INPUT DATA:
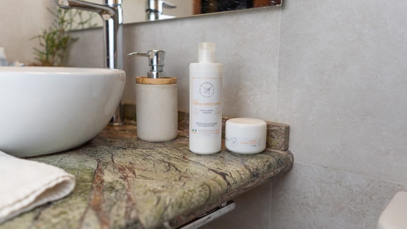 Aceites y mantecas vegetales, cera y glicerina vegetal, agua desmineralizada, agua de rosas, tinturas madre y aceites esenciales
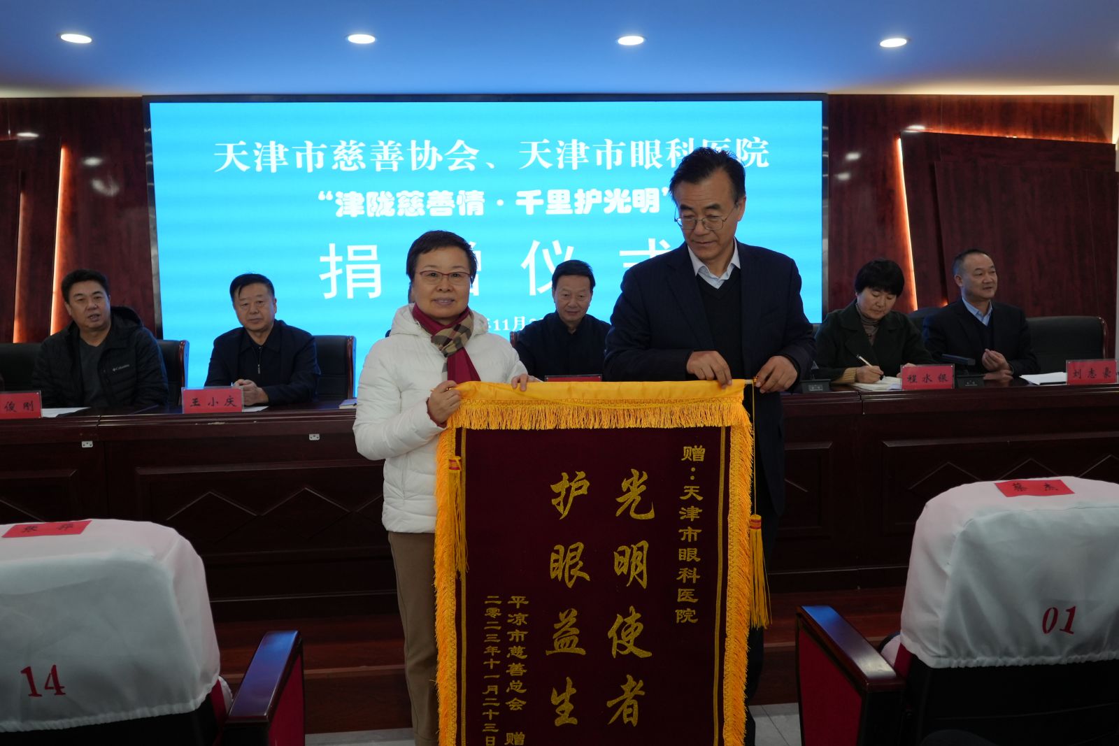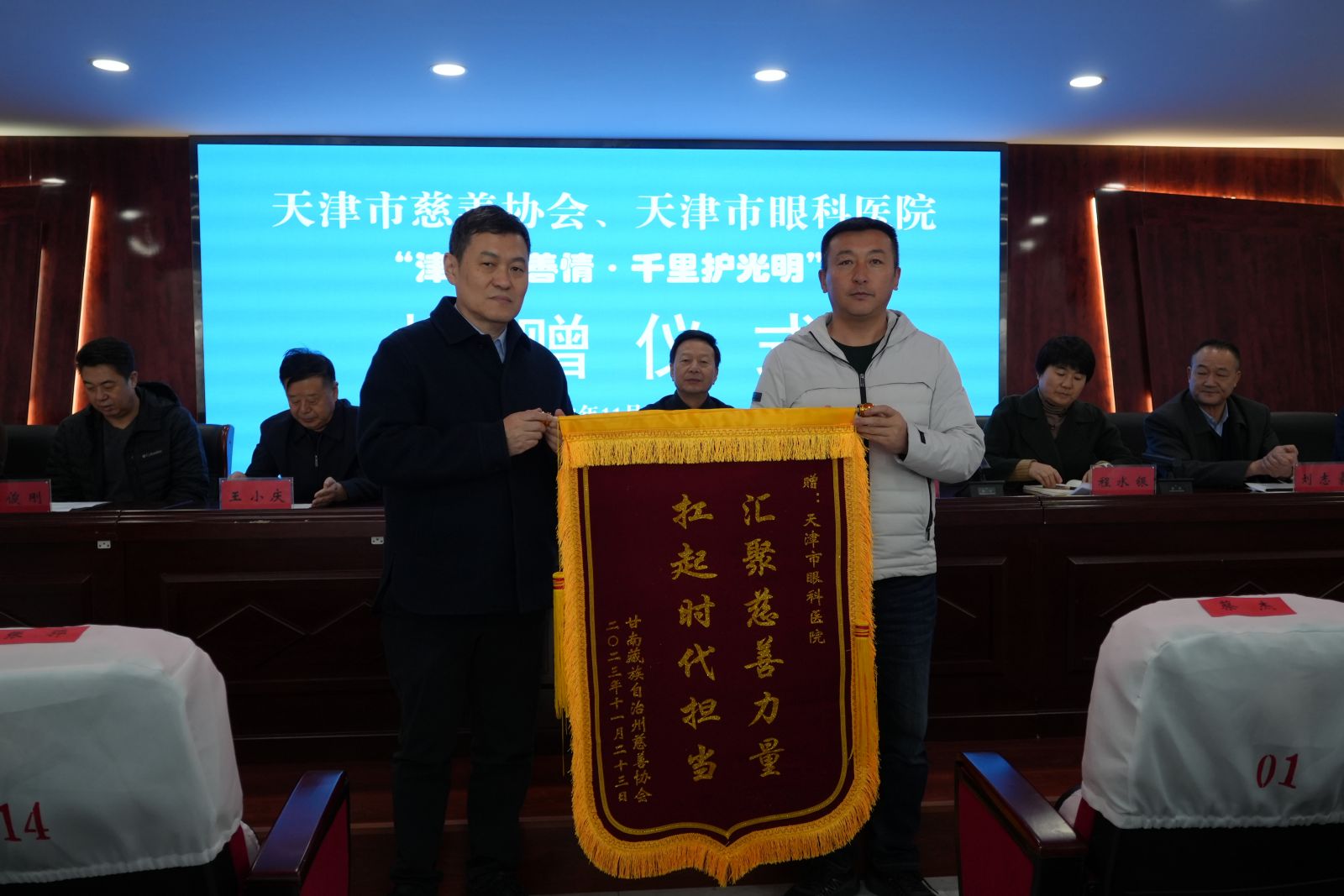 甘南州慈善会综合科科长李公保,平凉市慈善会副会长吴宗,庆阳市社会救助中心主任、市慈善会常务副会长刘志豪分别代表所在单位接受了天津市眼科医院的捐赠,并回赠锦旗表达谢意。同时,庆阳市慈善会常务副会长刘志豪发表致辞,着重强调了慈善的力量和社会的责任感,传递了津陇慈善情的真谛。
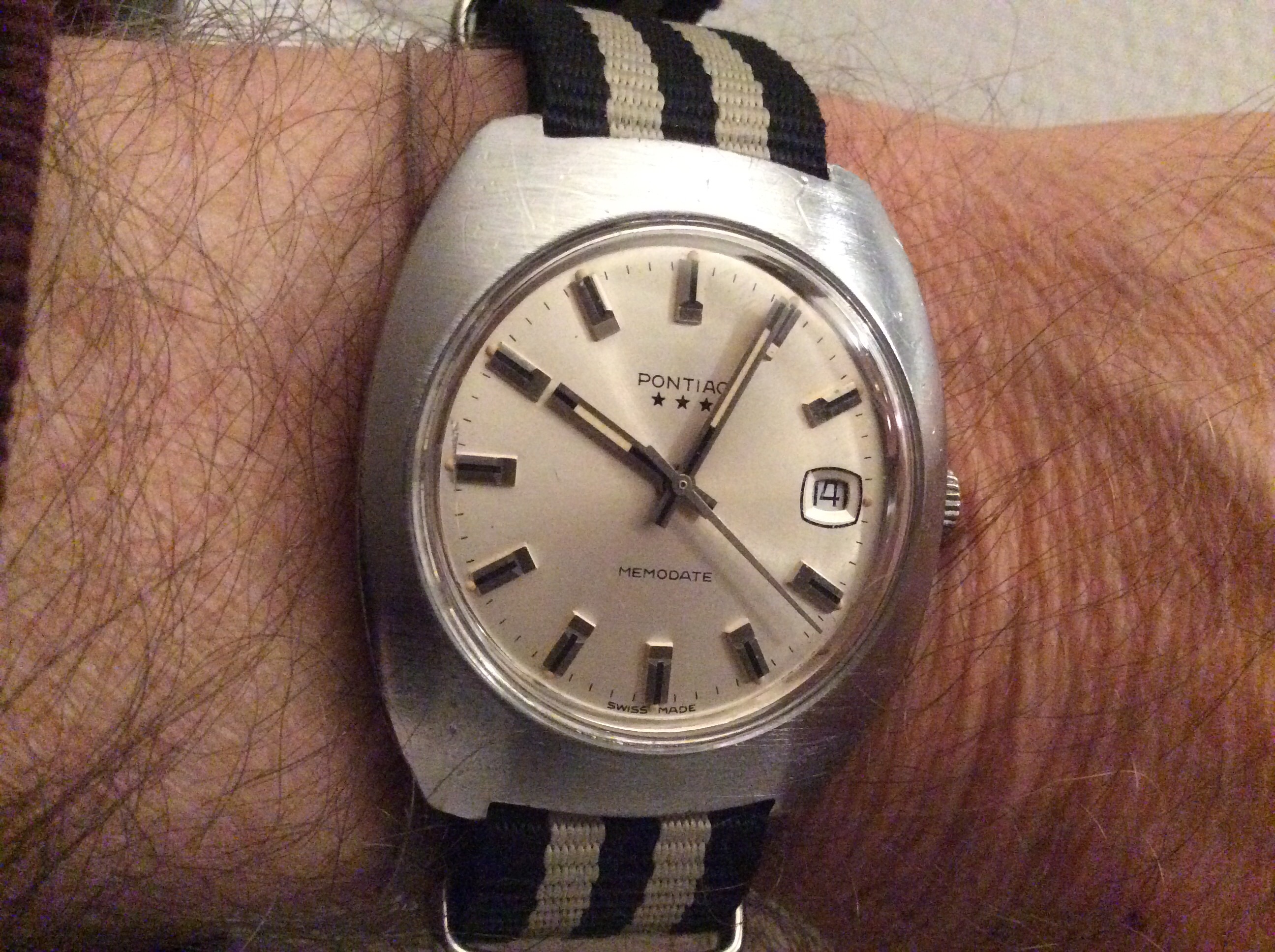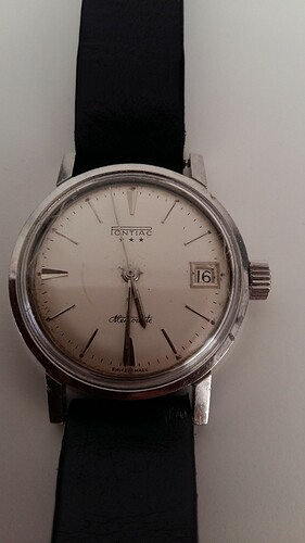 Ik denk het wel. Op de wijzerplaat staat dat het een Memodate betreft (geen memomatic), terwijl op de achterzijde automatic staat. De kast lijkt niet bij de Pontiac horen. Nog nooit zo’n kast met kroon bij een Pontiac gezien. Als @maurits hierover al niets kan vinden, dan is ie voor 99% niet origineel
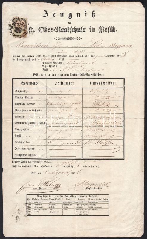 Leírás: 1856 Pest Ober Realschule bizonyítvány 15kr CM illetékbélyeggel

THE TASK: Set the preceding data down again word for word, omitting images.

EXERCISE RESULT:
 Aceites y mantecas vegetales, cera y glicerina vegetal, agua desmineralizada, agua de rosas, tinturas madre y aceites esenciales
 甘南州慈善会综合科科长李公保,平凉市慈善会副会长吴宗,庆阳市社会救助中心主任、市慈善会常务副会长刘志豪分别代表所在单位接受了天津市眼科医院的捐赠,并回赠锦旗表达谢意。同时,庆阳市慈善会常务副会长刘志豪发表致辞,着重强调了慈善的力量和社会的责任感,传递了津陇慈善情的真谛。
 Ik denk het wel. Op de wijzerplaat staat dat het een Memodate betreft (geen memomatic), terwijl op de achterzijde automatic staat. De kast lijkt niet bij de Pontiac horen. Nog nooit zo’n kast met kroon bij een Pontiac gezien. Als @maurits hierover al niets kan vinden, dan is ie voor 99% niet origineel
 Leírás: 1856 Pest Ober Realschule bizonyítvány 15kr CM illetékbélyeggel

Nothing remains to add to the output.